# Exercise aim
Within the records that follow, restate exactly the lines from the line with "(von lks.) |" down to the line with "Nautical boat anchor", including both. Omit the pictures.

# Data to process
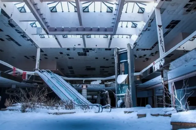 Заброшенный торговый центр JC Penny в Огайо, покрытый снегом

==

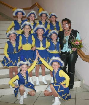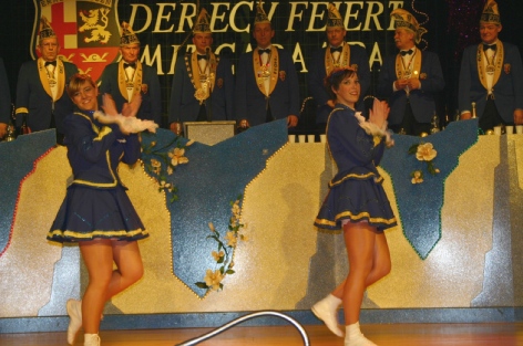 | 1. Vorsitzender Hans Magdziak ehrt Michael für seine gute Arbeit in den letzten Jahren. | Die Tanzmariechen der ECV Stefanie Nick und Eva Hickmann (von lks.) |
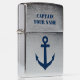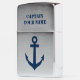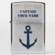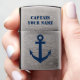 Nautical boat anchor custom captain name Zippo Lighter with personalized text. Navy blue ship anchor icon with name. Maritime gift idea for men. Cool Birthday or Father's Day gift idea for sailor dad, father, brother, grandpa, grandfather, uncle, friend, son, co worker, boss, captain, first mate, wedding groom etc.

# Solution for this problem
 | 1. Vorsitzender Hans Magdziak ehrt Michael für seine gute Arbeit in den letzten Jahren. | Die Tanzmariechen der ECV Stefanie Nick und Eva Hickmann (von lks.) |
 Nautical boat anchor custom captain name Zippo Lighter with personalized text. Navy blue ship anchor icon with name. Maritime gift idea for men. Cool Birthday or Father's Day gift idea for sailor dad, father, brother, grandpa, grandfather, uncle, friend, son, co worker, boss, captain, first mate, wedding groom etc.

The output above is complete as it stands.